In this paper, a state–space model is established to measure the stability of each converter stage for determining the SST performance with and without a controller. The analysis is conducted in three phases. In an initial attempt, the state–space model of each converter is derived, and the state–space matrixes are defined. The controllability and observability states are measured to check the system’s stability. Further, the frequency and time domain analyses are performed using the Bode plot, Nyquist, Nichols, and root locus plot. On the basis of these plots, the stability, DC gain, peak resonant, and eigenvalue of the system are measured. Furthermore, the proposed SST model is simulated through the Matlab SIMULINK environment, and the results are provided, validating the systems’ characteristics and seen as smooth performances. Finally, the Simulink model has been validated using a real-time digital simulator, such as OPAL-RT, to show the effectiveness of the system.

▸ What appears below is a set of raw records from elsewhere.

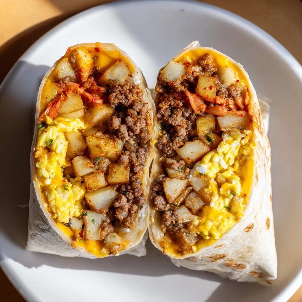 Save It A festive twist on classic breakfast burritos featuring scrambled eggs sausage roasted potatoes melty cheese and tangy kimchi for a vibrant holiday brunch.
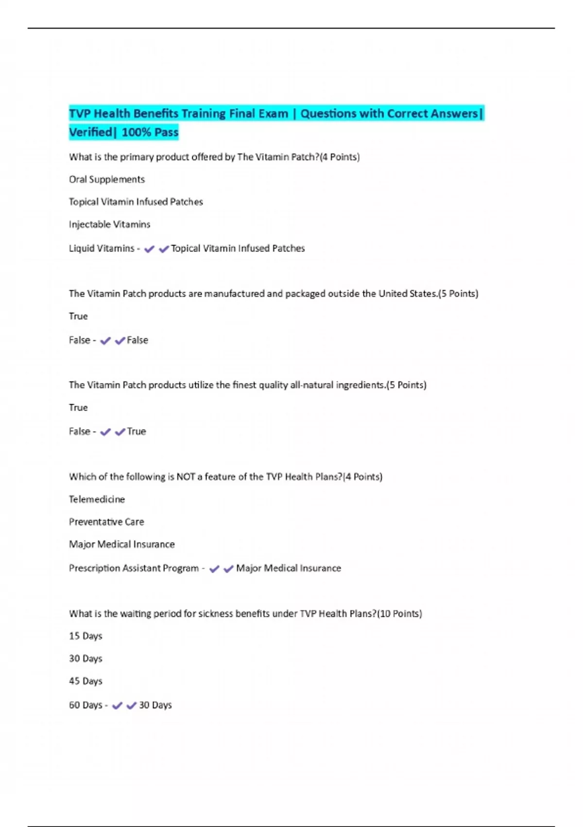 TVP Health Benefits Training Final Exam | Questions with Correct Answers| Verified| 100% Pass
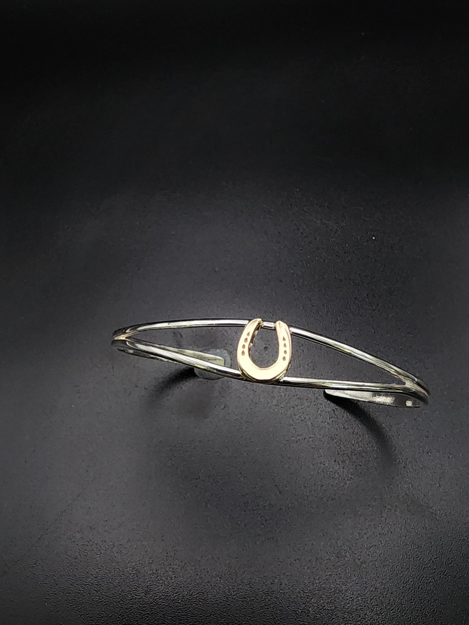 Yes we can mix our metals!! A 14k gold small horseshoe on a delicate but sturdy sterling silver bracelet. A essential for equestrian wardrobe!
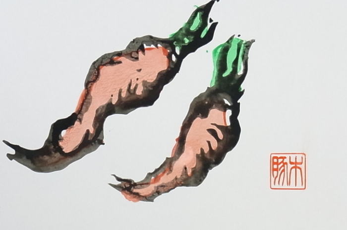 hs-071 曲がりの人参 ハガキ大 2010.12.29 (木版画)

This study has particularly drawn attention to the transient performance and the stability of the system, which can be analyzed using the proposed approach, such as the state–space and transfer function-based model. The studied SST model can be implemented in distribution system applications that can cope with voltage disturbance. Besides, the SST can also manage voltage fluctuation due to intermittent sources, such as solar and wind, which, in fact, are necessary for small microgrids as they depend on 100% renewables. Moreover, the SST-based distribution system has numerous advantages, such as efficient power distribution, smart-grid realization, improved voltage regulation and stability, reduced environmental impact as it can enable renewable energy sources, and enhanced grid flexibility and adaptability. With the use of SST, energy providers can justify their investment to the end-user by offering resilience improvement of the distribution system by reducing the potential disturbances due to uncertainties.

The research can be extended to the stability analysis of SST by incorporating renewable energy sources as a microgrid-based system from real-time application aspects. In this paper, we considered only constant load conditions; in the future, different load types will be considered with the impact from the stability point of view. In addition, the detailed state–space model of each converter stage will be analysed.